Ummm Aylwin cant even jinx properly its a 7 game streak not 6...............


----------



## Aylwin (Jan 29, 2007)

*Re: The Suns and their streaks*

LOL! Thanks, now stop reminding me!


----------



## Seuss (Aug 19, 2005)

*STICKIED!*​


Aylwin, you will get weekly tasks of jinxing. All opposing opponents will face your fierce jinxing
magic. I will tell you what streak they have going, and you must go to their board and jinx that 
streak.


----------



## Aylwin (Jan 29, 2007)

Cool! So who's up next? :wiz:


----------



## Seuss (Aug 19, 2005)

Aylwin said:


> Cool! So who's up next? :wiz:




lol

Clips are next. So, when they put their Game thread up, make sure you mention how well
they have been playing.


----------



## Aylwin (Jan 29, 2007)

Hmm, I'm not too sure that's a good idea. If my "powers" affect streaks then I don't think we want to break the Clippers' current losing streak. Right? 

Maybe I'll just jinx our current streak instead.


----------



## Aylwin (Jan 29, 2007)

Aylwin said:


> Maybe I'll just jinx our current streak instead.


Mission accomplished! :biggrin:

Wasn't a particularly tough assignment though.


----------



## Seuss (Aug 19, 2005)

Aylwin said:


> Mission accomplished! :biggrin:
> 
> Wasn't a particularly tough assignment though.



hahahaha, good job. :cheers: 


I'm going to keep track of your streak-breaking abillities. So far you are 2-1.


----------



## Aylwin (Jan 29, 2007)

3-1 actually. 

The winning streak. The no double digit loss streak. And now, the losing streak.

You know what worries me though? So far, I've only been able to jinx our own streaks. :uhoh:


----------



## Seuss (Aug 19, 2005)

Aylwin said:


> 3-1 actually.
> 
> The winning streak. The no double digit loss streak. And now, the losing streak.
> 
> You know what worries me though? So far, I've only been able to jinx our own streaks. :uhoh:



I don't think the Bobcats have any streaks to worry about.

We will be playing the Mavs in a few weeks and they might be bring a large streak into town.


----------



## Aylwin (Jan 29, 2007)

Dr. Seuss said:


> We will be playing the Mavs in a few weeks and they might be bring a large streak into town.


Streak or no streak, we definitely need to beat these guys. I'll be anticipating this one...


----------



## Aylwin (Jan 29, 2007)

Too bad the Mavs lost to the Warriors. I guess my services won't be needed in our game against them. :devil2:


----------



## Seuss (Aug 19, 2005)

Aylwin said:


> Too bad the Mavs lost to the Warriors. I guess my services won't be needed in our game against them. :devil2:



lol

I was thinking the same thing.
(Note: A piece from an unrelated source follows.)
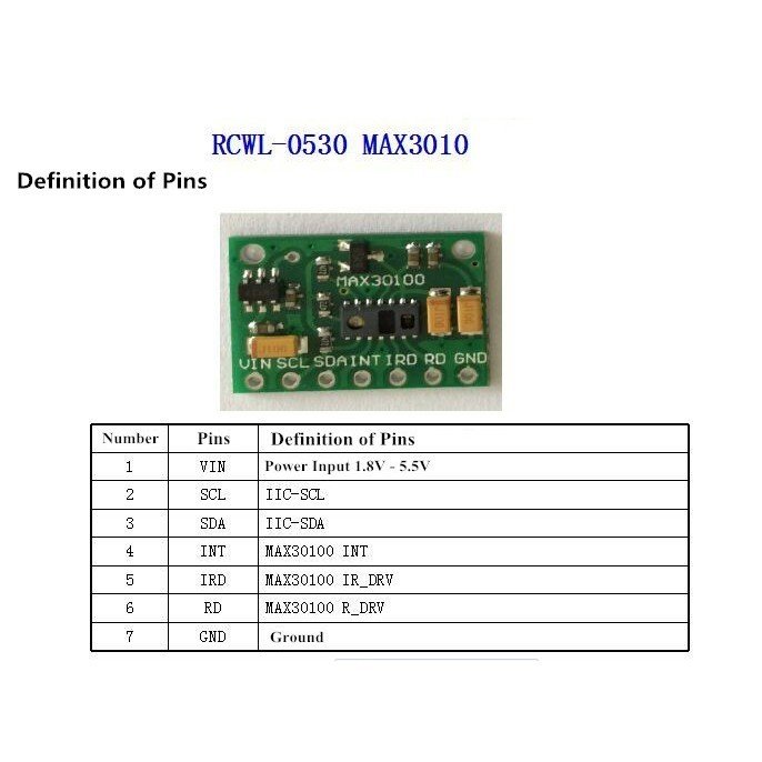 Sensor detak jantung dan oksigen Max30100 adalah sensor yang mampu mengukur detak jantung (bpm) dan oksigen dalam darah (% O2) hanya dengan ujung jari. Dengan LED inframerah dan LED merah serta IC Max30100, sensor ini menghasilkan data detak jantung dan oksigen dalam darah lewat interface I2C.

But perhaps you could sharpen your craft by testing
it out on the Spurs large streak.


----------



## Dissonance (Jul 21, 2004)

I think he jinxed it just by talking about jinxing it. And the just mentioning of the streak to begin with haha.


----------



## Aylwin (Jan 29, 2007)

Dr. Seuss said:


> But perhaps you could sharpen your craft by testing it out on the Spurs large streak.


Bah, I was already on the Spurs forum about to make a post. Then I decided to first check last night's results. Darn! Couldn't they have waited until after I posted before losing? Well, I guess they would rather have the Bucks break their streak than the Celtics. 
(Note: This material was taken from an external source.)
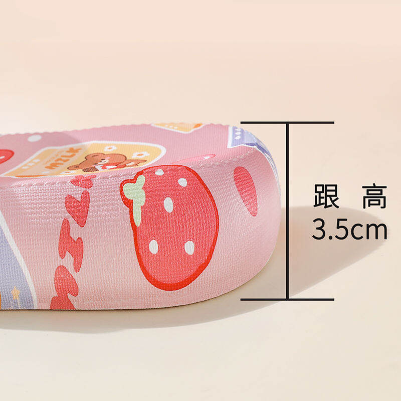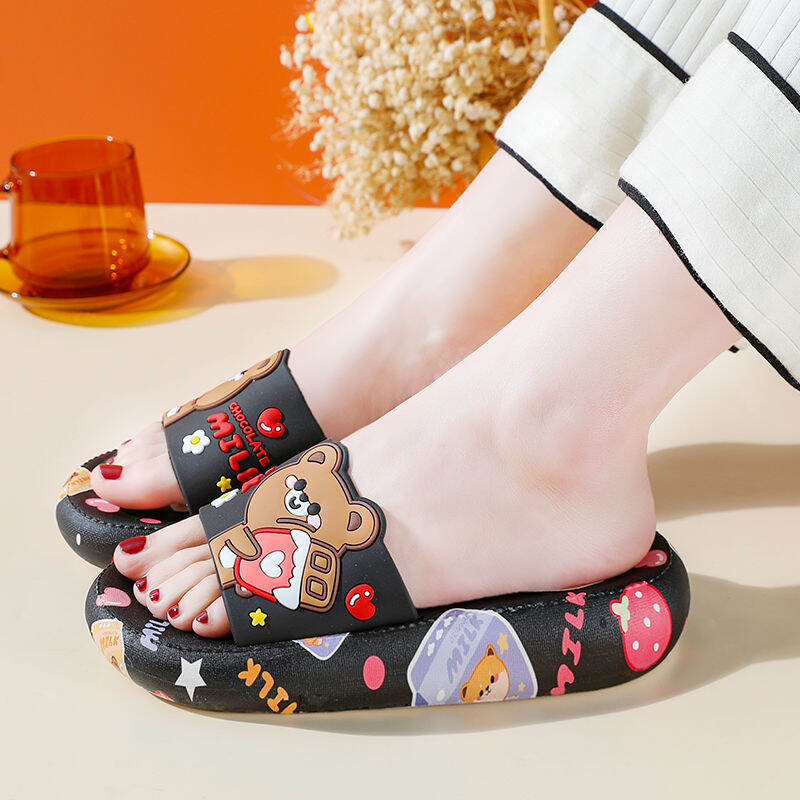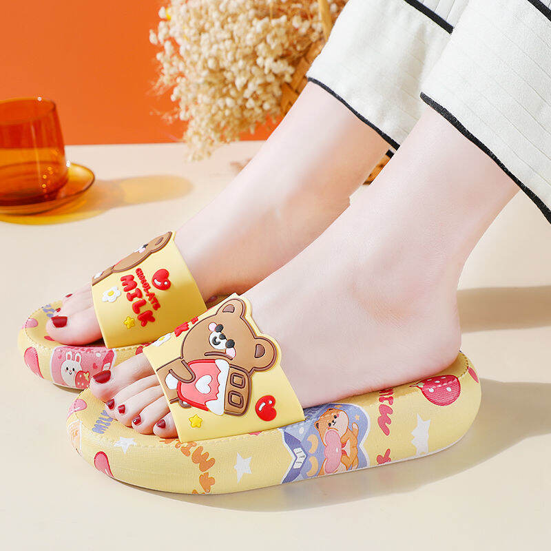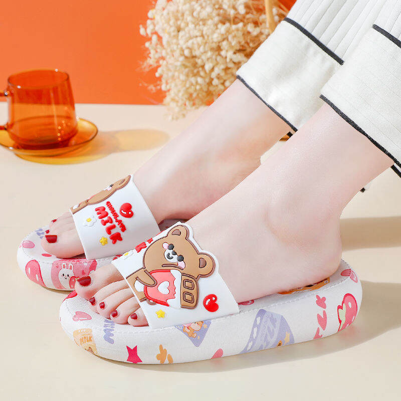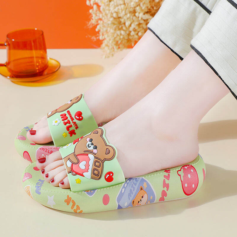 High Heel Slippers for Women Summer Home Korean Style Student Cartoon Cute Bear Bathroom Slippers Non-slip Soft Bottom Outer Wear

Who's streak should we look at next? The Heat? Nah, I like what they're doing right now with D-Wade out. How about the Cavs? They're pretty much unstoppable at the moment. I'm sure they're going to totally kick Utah's behind on Saturday.


----------



## Seuss (Aug 19, 2005)

Aylwin said:


> Bah, I was already on the Spurs forum about to make a post. Then I decided to first check last night's results. Darn! Couldn't they have waited until after I posted before losing? Well, I guess they would rather have the Bucks break their streak than the Celtics.
> 
> Who's streak should we look at next? The Heat? Nah, I like what they're doing right now with D-Wade out. How about the Cavs? They're pretty much unstoppable at the moment. I'm sure they're going to totally kick Utah's behind on Saturday.



LOL

The mention of the Spurs streak in this thread jinxed them.


----------



## Aylwin (Jan 29, 2007)

It's nice to (successfully) jinx another team for a change:
http://www.basketballforum.com/phoe...mavericks-phoenix-suns-4-1-a.html#post4622162
http://www.basketballforum.com/dall...allas-mavericks-phoenix-suns.html#post4622206


----------



## Seuss (Aug 19, 2005)

Aylwin said:


> It's nice to (successfully) jinx another team for a change:
> http://www.basketballforum.com/phoe...mavericks-phoenix-suns-4-1-a.html#post4622162
> http://www.basketballforum.com/dall...allas-mavericks-phoenix-suns.html#post4622206


HIGHFIVE!


Aylwin, your streak is very solid at 5-1. We will need your powers to help come playoff time.


----------



## Aylwin (Jan 29, 2007)

The Lakers have just lost 2 in a row to the Bobcats and Grizzlies. I wonder if this has anything to do with it: 


Aylwin said:


> it's going to be very difficult to overtake the Lakers. Their schedule is a walk in the park compared to ours. Most of their games they'll win just by showing up. Barring a complete melt down, the Lakers are all but guaranteed the top spot. I hope I haven't just jinxed them.


----------



## Seuss (Aug 19, 2005)

You son of a *****......You still got it.


----------



## Aylwin (Jan 29, 2007)

Seuss said:


> You son of a *****......You still got it.


Well, maybe a little. 

But there's absolutely no way the Lakers are going to lose 3 in a row at home.


----------



## Seuss (Aug 19, 2005)

Spurs have won two straight, what do you have to say about that Aylwin?


----------



## Aylwin (Jan 29, 2007)

Well, isn't it obvious? The Spurs are on a roll. They are absolutely, positively, without a doubt, definitely going to win game 3!


----------



## Seuss (Aug 19, 2005)

Lol


----------